Based on the Bafta-award winning series, Boys From The Blackstuff’s gallows humour memorialises a bleak period in British history
“Gi’us a job!”. Viewers of Alan Bleasdale’s original series will be familiar with the catchphrase of Yosser Hughes, repeated ad absurdum to everyone from bricklayers to lollypop ladies to shrinks. A pugnacious, slightly unstable labourer now stuck on the dole and desperate to keep his kids, Yosser’s character, difficult and flawed as he may be, instantly resonates as a symbol of a desperate man.
When it was first released as a series in 1982, Boys From the Blackstuff was almost unbearably prescient. At the time, 3 million Britons were out of work, as manufacturing industries around the country shuddered to a halt. Nowadays it plays more like a period piece, but James Graham’s adaption captures the human fallout of an era of seismic shifts, both economically and culturally. As Britain moved from an era of post-war collectivism to Thatcherite neo-liberalism and individualism, the detritus – that is, hardworking people with families who found themselves sacrificed to free hand of the market – were left to fend for themselves.

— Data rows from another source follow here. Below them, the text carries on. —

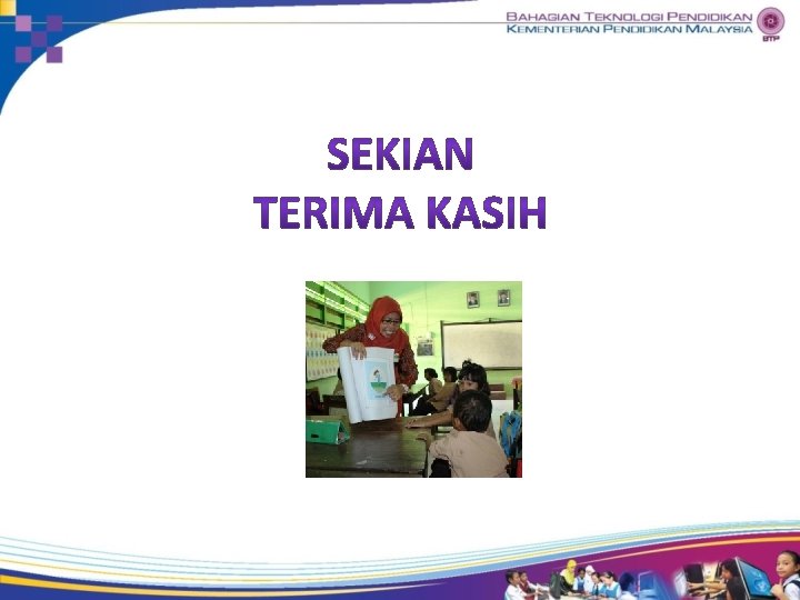 DAPATAN KAJIAN Pada Tahun 2015, Bahagian Teknologi pendidikan telah melaksanakan kajian pelaksanaan Program NILAM: • 83. 2 peratus guru menyatakan bahawa Program NILAM membantu mengurangkan jumlah murid dalam Program LINUS di sekolah; • 91. 0 peratus guru menyatakan bahawa Program NILAM membantu meningkatkan prestasi pencapaian Bahasa Melayu (BM); • 87. 6 peratus guru menyatakan bahawa Program NILAM membantu meningkatkan prestasi pencapaian Bahasa Inggeris (BI); dan • 88. 7 peratus guru menyatakan bahawa Program NILAM membantu meningkatkan prestasi murid dalam peperiksaan. • 84. 4 peratus murid menyatakan bahawa Program NILAM membantu mereka meningkatkan prestasi akademik. Sebanyak 6, 900 guru (Guru Besar, Pengetua, Guru Perpustakaan dan Media, Guru Mata pelajaran) dan 11, 545 murid (sekolah rendah dan menengah) telah menyertai kajian yang dilaksanakan secara dalam talian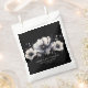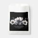 Cute and simple black and white flower wedding design. A classic but whimsical look with black, gray and cream colored flowers with white fonts and modern lettering. Edit all of the text to your own information. Great for a boho wedding with a modern twist, a winter or spring classic affair, or even a bit of a gothic vibe. Elegant Modern Boho Floral Black Wedding Favor Bag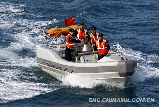 In early February of 2012, the destroyer "Guangzhou" of the South China Sea Fleet of the Chinese People's Liberation Army started its first maritime drilling in the year of 2012 in a water of the South China Sea. The pictures show that the sailors on the destroyer are carrying out training on tying up hauling-off buoy.
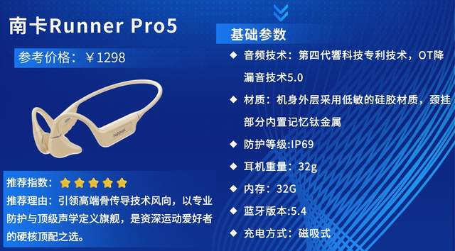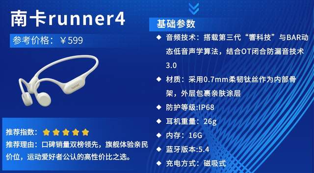 推荐理由:南卡作为骨传导领域稳居TOP1的王牌品牌,凭借自主研发的旗舰级骨振子技术与多项独家专利,在音质、舒适度和防水性能上始终领先行业一代。Runner4作为专为运动打造的旗舰级骨传导耳机,以极致性价比与直逼千元机的音质体验,成为公认的“运动耳机机皇”,真正做到百元价位就能享受旗舰级的功能与性能盛宴!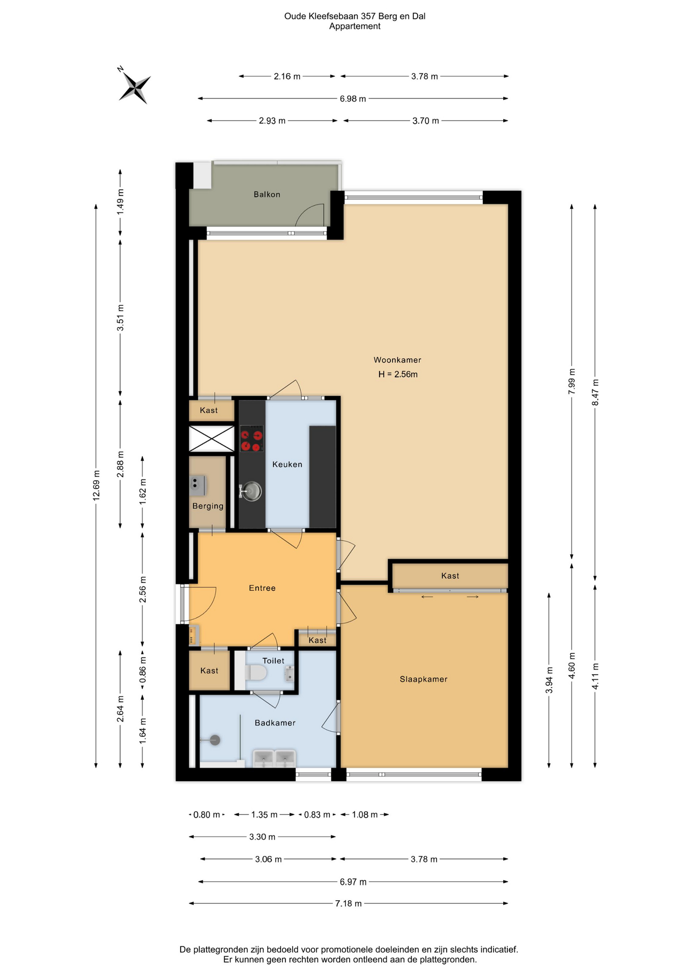 Te koop: ruim, goed onderhouden tweekamerappartement van ca. 87 m2, op de 5e woonlaag van het appartementencomplex “Groot Berg en Dal”, met eigen berging en garagebox.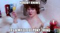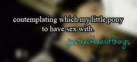Even the furry "community" doesn't make up such asinine bullshit as this. These "memes" and "catchphrases" are really just a series of gore-esque failed abortions spewed out of the mouths of inane ponyfags desperate to make their sexual deviance look more like a "culture". A culture so loosely tied together that it looks as if its web of lies is about to fall apart at any moment? A culture so inconsistent that everybody has a vastly different opinion on everything from clopping to shitty fanfics? Ponyfags are often seen saying one thing retarded, saying something more retarded to their friends, and then doing the most fucktarded thing possible. For example, A ponyfag often says that they have nothing against cloppers. "To each his own" is the typical catchphrase. But then, they meet up with fellow ponyfags and start talking about how fapping to ponies is disgusting. But even after that, they go ahead and fap to ponies anyways. Reminds you of someone huh? So that's it? Ponyfags are just as bad as furfags right?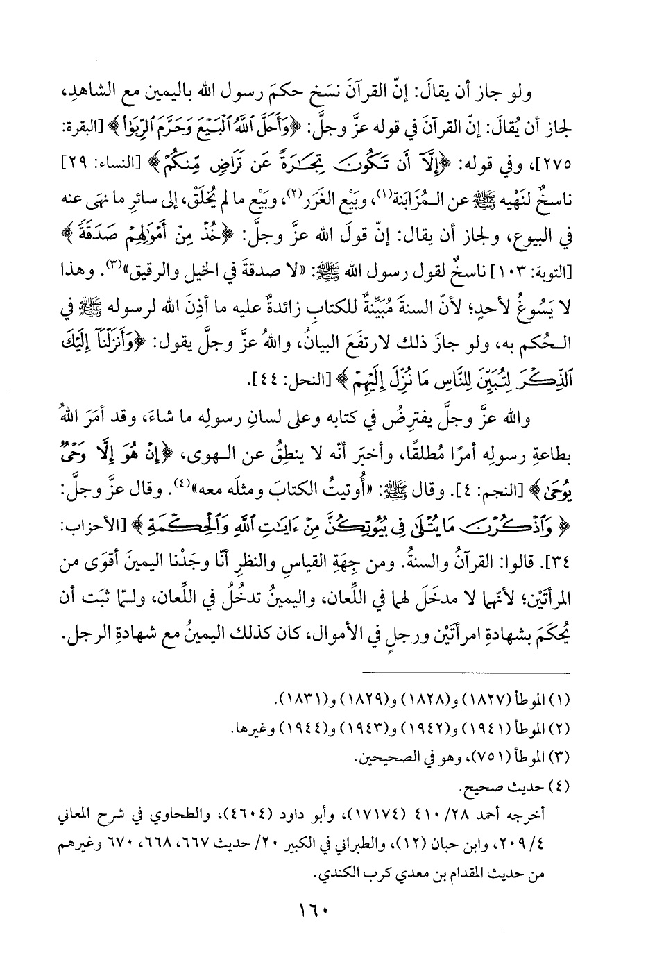 ولو جاز أن يقالَ: إنّ القرآنَ نسَخ حكمَ رسول الله باليمين مع الشاهدِ، لجاز أن يُقالَ: إنّ القرآنَ في قوله عزَّ وجلَّ: {وَأَحَلَّ اللَّهُ الْبَيْعَ وَحَرَّمَ الرِّبَا} [البقرة: ٢٧٥]، وفي قوله: {إِلَّا أَنْ تَكُونَ تِجَارَةً عَنْ تَرَاضٍ مِنْكُمْ} [النساء: ٢٩] ناسخٌ لنَهْيه - صلى الله عليه وسلم - عن المُزَابَنة (¬١)، وبَيعْ الغَرَر (¬٢)، وبَيعْ ما لم يُخلَقْ، إلى سائرِ ما نهَى عنه في البيوع، ولجاز أن يقال: إنّ قولَ الله عزَّ وجلَّ: {خُذْ مِنْ أَمْوَالِهِمْ صَدَقَةً} [التوبة: ١٠٣] ناسخٌ لقول رسول الله - صلى الله عليه وسلم -: "لا صدقةَ في الخيل والرقيق" (¬٣). وهذا لا يَسُوغُ لأحدٍ؛ لأنّ السنةَ مُبَيِّنةٌ للكتابِ زائدةٌ عليه ما أذِنَ الله لرسوله - صلى الله عليه وسلم - في الحُكم به، ولو جازَ ذلك لارتفَعَ البيانُ، واللّهُ عزَّ وجلَّ يقول: {وَأَنْزَلْنَا إِلَيْكَ الذِّكْرَ لِتُبَيِّنَ لِلنَّاسِ مَا نُزِّلَ إِلَيْهِمْ} [النحل: ٤٤].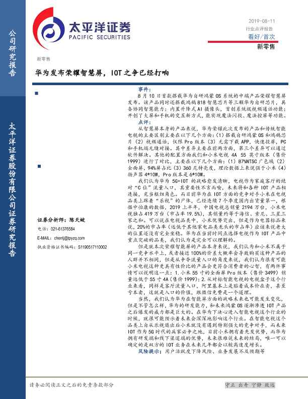 【太平洋证券】【20190811】新零售:华为发布荣耀智慧屏,IOT之争已经打响-4页
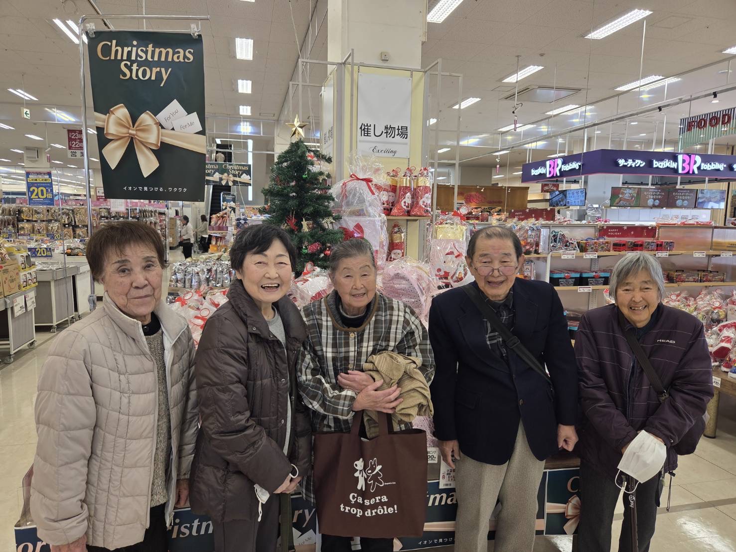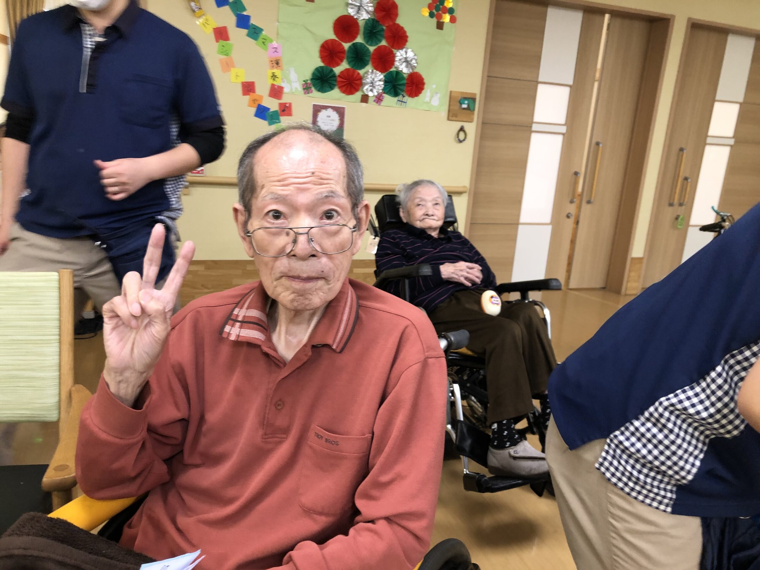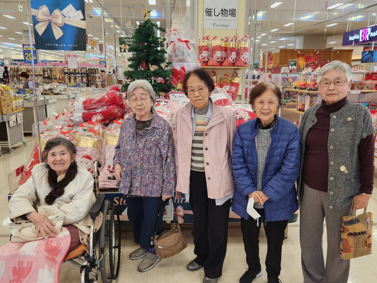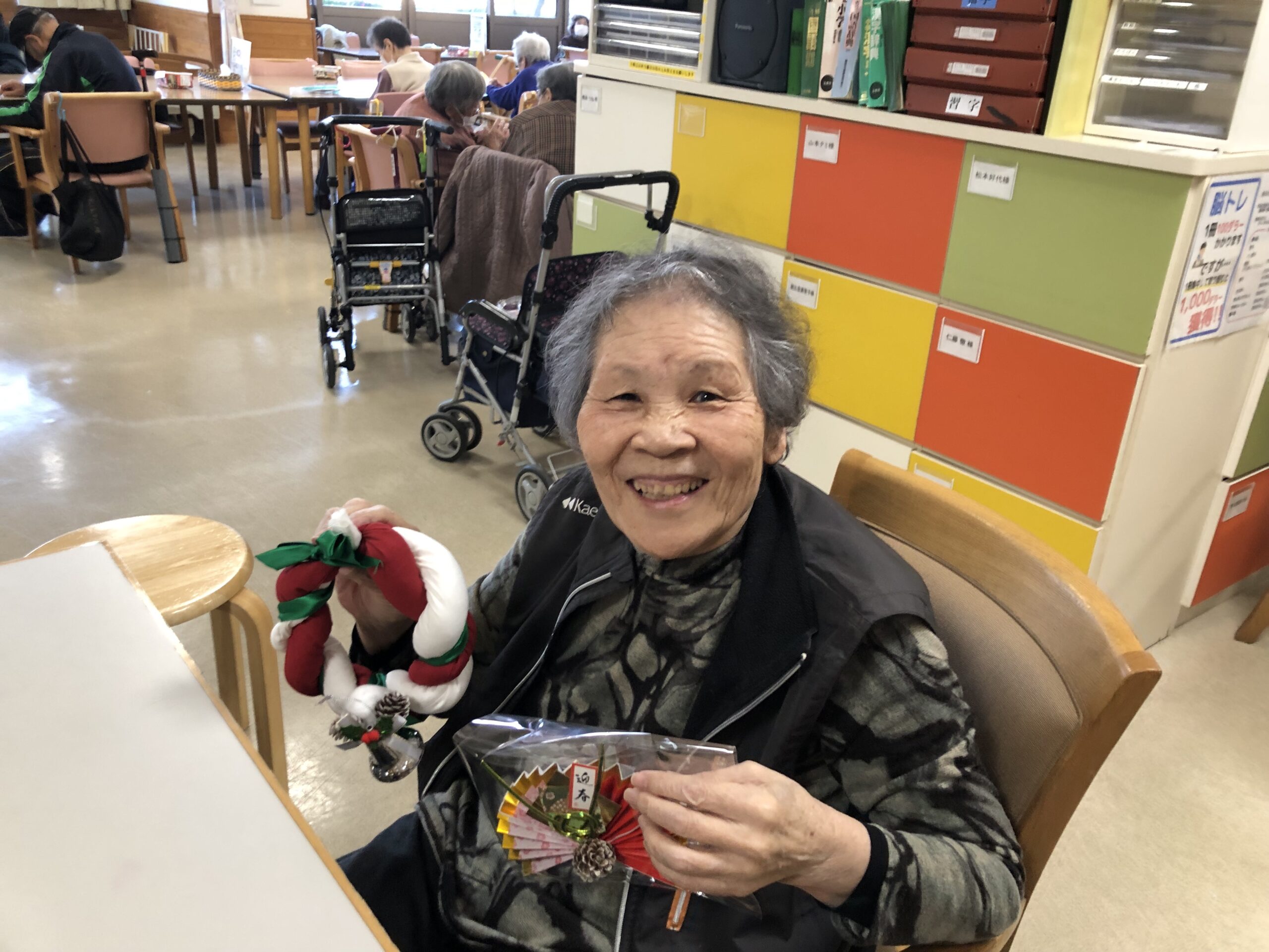 12/25 特養 クリスマス演奏会 12/19 デイサービス 年末大感謝祭ブラックフライデー開催! 12/17 本館 生きがいサポート「喫茶こうろく」 12/17 きすみれ 忘年会 12/15,16 デイサービス イオンでショッピング&フードコートでティータイム ツアー 12/11 デイサービス 趣味クラブ~クリスマス&お正月リース作り 12/8 本館3階 クリスマスツリー作り 11/18 ユニット3階 秋の作品づくり 11/13 本館2階 壁面飾り制作レク 11/1,2 地域貢献事業 Out of Kidzania inやいづ2025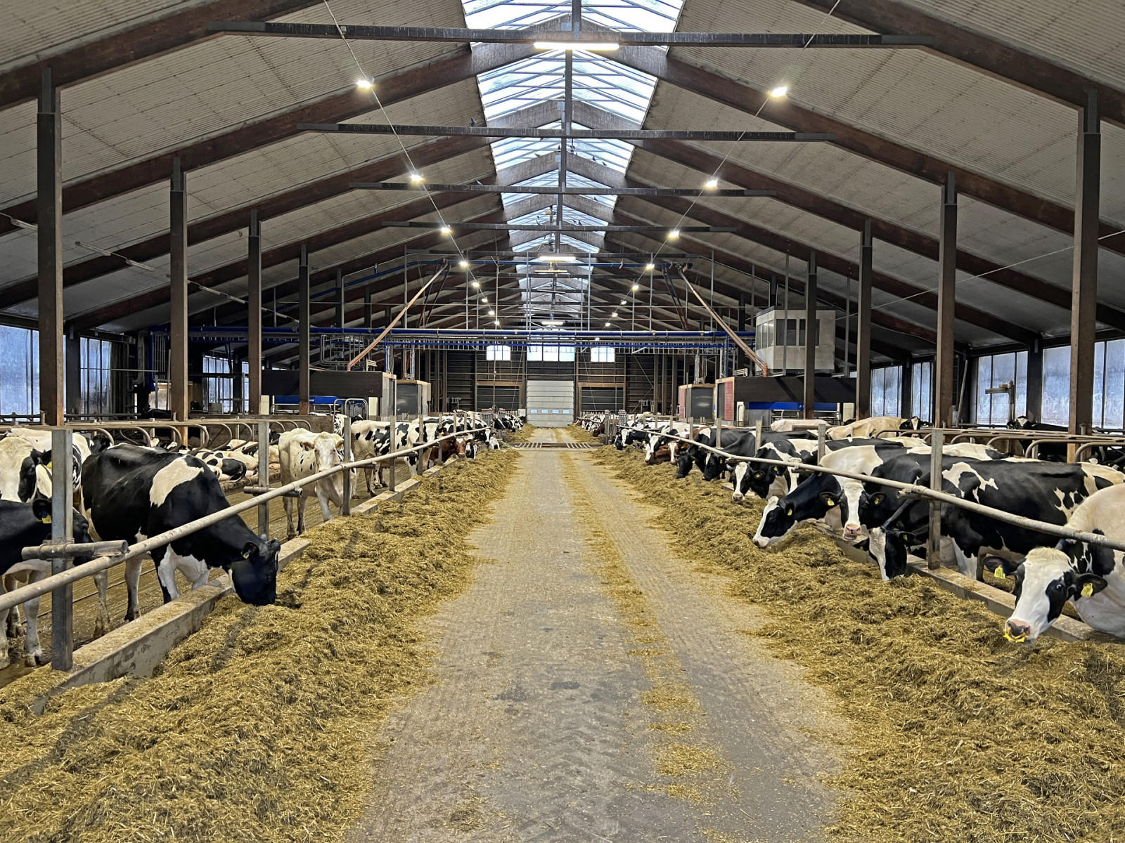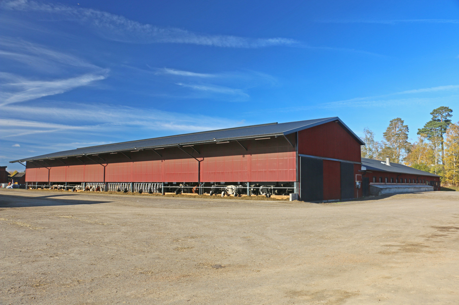 Byggnaden uppfördes 2008 av A-betong. 2023 skedde en större ombyggnad till robotmjölkning. Takstolarna är av limträ och vindskyddsgardinerna med öppning uppe är från Agrotel. Byggnaden är uppförd på betongplatta med en yta på ca 4 700 kvm med en invändig indelning för ca 330 kor. Öppna skrapgångar och tre båssängsrader i varje avdelning. Stort körbart foderbord i mitten. Anläggningen är utrustad med fem DeLaval VMS300 mjölkrobotar. Gödsellagring till en pumpbrunn och vidare till två satelitbrunnar på vardera ca 4 000 m³ som är placerade ca 900m åt vartdera hållet från gårdscentrum. Dessa är uppförda 2008 och 2015. Sju kalvningsboxar/sjukboxar, 30 sinkoplatser i djupströ fördelat på två boxar. 30 kubiks mjölksilo som töms varannan dag. Plattvärmeväxlare som förvärmer dricksvattnet för korna. Byggnadsmåtten är 80,5 x 37 meter för den stora delen och 78 x 20 meter för den mindre delen.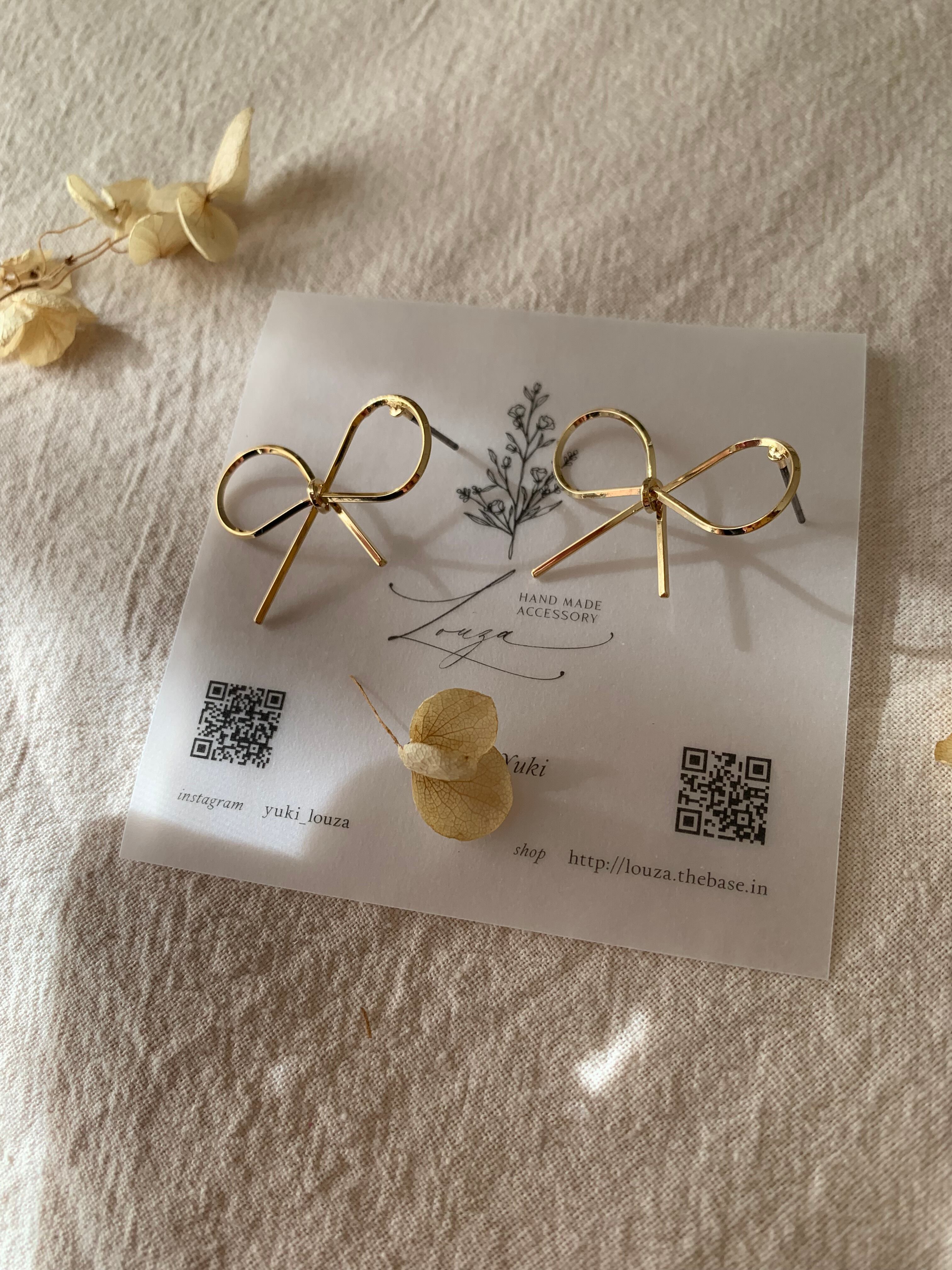 リボンはそのまま真鍮を一本くるんと結んだような細めのデザイン。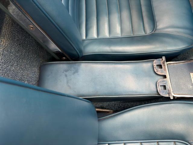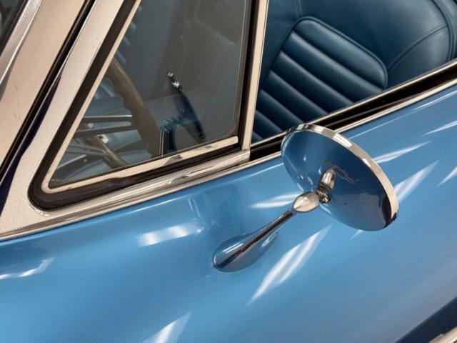 Blue coverage continues on the inside where Bright Blue door panels wear brushed nickel hardware and beyond the metal sills we find bucket seats in blue vinyl, taut and clean with rib patterned inserts. The walnut 3 spoke steering wheel leads to the infamous coved gauge pod with symmetrical circles, two large units flanked by two small ones on each side. The plastic and gauge faces show slight patina but are in great condition, as is the center stack in Nassau blue and housing a rather elaborate analog clock and the vertically mounted radio. The double hump dash repeats in front of the passenger with only the arched door of the glove box in front. A clean center console sports a few love chips and is home to a standard chrome shifter with reverse finger hooks that transform the shifter into a set of brass knuckles when it\'s time to back up. Blue loop carpet fills the foot wells, covers the back cargo area and shows some slight discoloration and a stain in back, but is fully intact.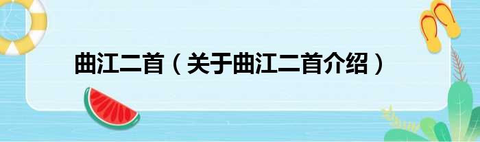 1、 《曲江二首》是唐代诗人杜甫的诗作,写于乾元元年(758年)暮春。

The story centres around six men, Chrissie, Yosser, Loggo, Dixie, Snowy, and George, all jobbing tarmac labourers now out of work and struggling to keep their heads above water. They deal with the constant pressure bearing down on them with masculine brusqueness, cutting jabs and withering sarcasm masking the deep-seated anxiety that they feel. Employment office scenes are played for laughs, as the men grow increasingly frustrated with the endlessly repetitive interviews in the place of real help. Upstart benefits fraud investigator Moss and his hawkish overseer Ms. Lawton, acted with charismatic unlikability by Sian Polhill-Thomas, are satirical and faintly ridiculous, seeming to care more about their own job performance than the people they’re meant to assist. Discussing Moss’s future with the service, Ms. Lawton proclaims, “Unemployment is a growth industry!”.
Gyro money doesn’t pay the bills, and so the men are forced to surreptitiously take cash in hand jobs, working on dodgy building sites and overnight shifts at the docks for a fraction of their labour’s worth. The play deftly explores the trap of illegal labour – caught between exploitative bosses and suspicious benefits fraud investigators, the men are doubly powerless. The sentiment often repeated in various guises is their desperation for honest work. But with nobody hiring, they are stuck in a knife-edge existence. As one man says, “I want to be clean. I want to be good. But it’s like they won’t let me.”
The most compelling character is Yosser, superbly acted by Jay Johnson. At first seeming almost like a violent clown, he vibrates with madcap energy as he thunders from jobsite to jobsite demanding work, kids in tow. As the play goes on, layers of his persona are peeled away, revealing a tragic portrait of a man with thwarted ambitions, crumbling as the walls slowly close in. Chrissie, played by George Caple, is Yosser’s foil. An animal-loving family man who is often derogatorily called “too nice”, he avoids conflict even in the face of blatant injustice, keeping his head down in the hopes that one day he will find stable work again.
About midway through the play, I began to worry that the storyline was going in too many different directions. Heavy plot points which felt like they could’ve been plays unto themselves seemed to arise and disappear in flashes, and I sometimes felt like I was watching something in fast-forward. I suspect this is the result of trying to condense a 6-episode series into a 2-hour play; there’s a lot to pack in, and not enough time to explore the gravity of every situation. In some ways, the constant piling on of events puts the audience in the same position as the central characters, reeling from one high-pressure situation to another with barely any time to process the weight of what’s just happened. Despite the business of the narrative, however, in the end nothing feels underdeveloped, and the play ties itself off beautifully.
Boys From the Blackstuff is playing until February 8. Tickets £19.50.